Lins Rafael Dueire, Bernardino Rodrigo, Barboza Ricardo da Silva, De Oliveira Raimundo Correa
Centro de Informática, Universidade Federal de Pernambuco, Recife 50670-901, PE, Brazil.
Departamento de Computação, Universidade Federal Rural de Pernambuco, Recife 55815-060, PE, Brazil.
J Imaging. 2022 Oct 5;8(10):272. doi: 10.3390/jimaging8100272.

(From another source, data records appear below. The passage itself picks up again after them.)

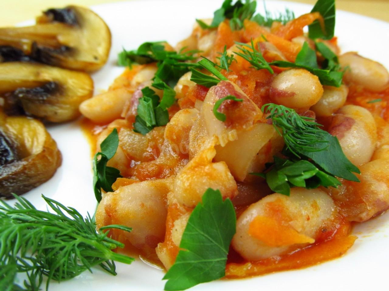 В приготовленный соус добавить отваренную фасоль, предварительно вынув из нее лавровый лист и чеснок и тушить еще 10 минут. Дать блюду немного остыть и можно подавать на стол.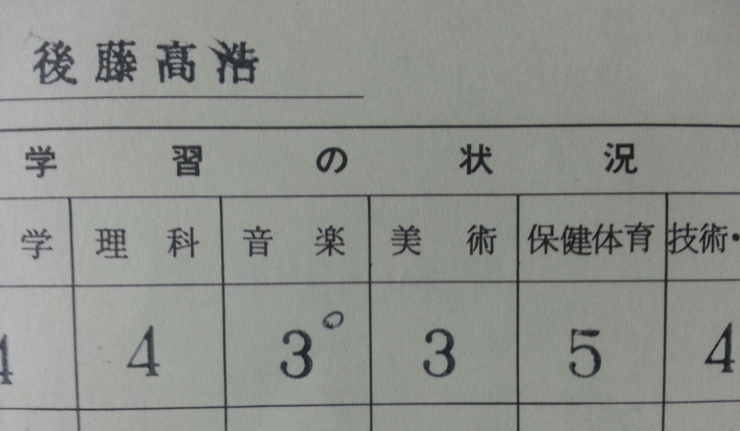 逆に、美術や音楽はほとんど3がついていた記憶があります。自分なりには頑張っていたと思うのですが… 音楽の中1の最初の歌のテストで、(声変わりの時期だったこともあり)声が裏返ってしまいみんなに笑われたことがトラウマになっていたり、美術の絵は小学校でのある「事件」以降苦手意識が渦巻いていて自分でも無理だと諦めていたところがありました。この2科目については、どんなに頑張っても5は取れないし、まぁ仕方ないと達観していたのです。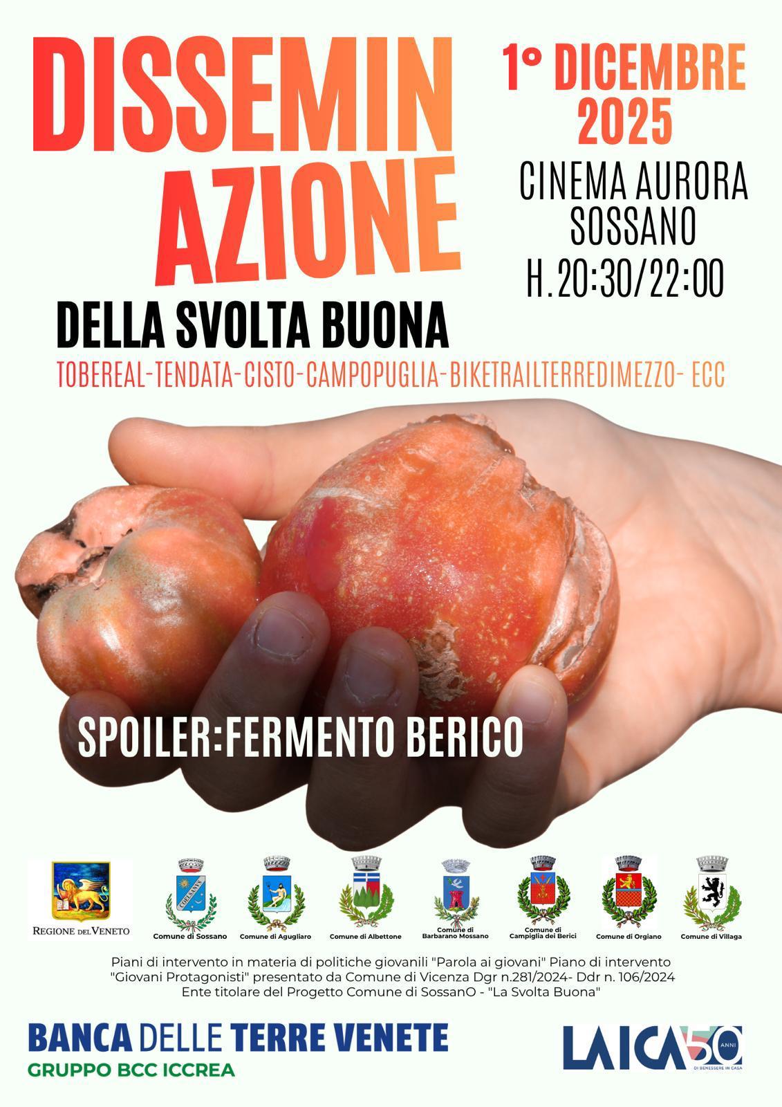 Tutta la cittadinanza (giovani, famiglie, associazioni, amministratori, insegnanti, stakeholder) è invitata alla serata conclusiva de “La Svolta Buona”, progetto del 2025 in materia di Politiche Giovanili (finanziamento regionale Piani di intervento in materia di politiche giovanili “PAROLA AI GIOVANI”) realizzato dal Comune di Sossano quale capofila in rete con i comuni di Agugliaro, Albettone, Barbarano Mossano, Campiglia dei Berici, Orgiano, Villaga e con il sostegno di Banca delle Terre Venete e di Laica spa.

The intrinsic features of documents, such as paper color, texture, aging, translucency, the kind of printing, typing or handwriting, etc., are important with regard to how to process and enhance their image. Image binarization is the process of producing a monochromatic image having its color version as input. It is a key step in the document processing pipeline. The recent Quality-Time Binarization Competitions for documents have shown that no binarization algorithm is good for any kind of document image. This paper uses a sample of the texture of the scanned historical documents as the main document feature to select which of the 63 widely used algorithms, using five different versions of the input images, totaling 315 document image-binarization schemes, provides a reasonable quality-time trade-off.
文档的内在特征,如纸张颜色、质地、老化程度、半透明度、印刷、打字或手写的种类等,对于如何处理和增强其图像非常重要。图像二值化是将彩色版本作为输入来生成单色图像的过程。它是文档处理流程中的关键步骤。最近针对文档的质量-时间二值化竞赛表明,没有一种二值化算法适用于任何类型的文档图像。本文使用扫描的历史文档纹理样本作为主要文档特征,从63种广泛使用的算法中选择,使用五种不同版本的输入图像,总共315种文档图像二值化方案,以提供合理的质量-时间权衡。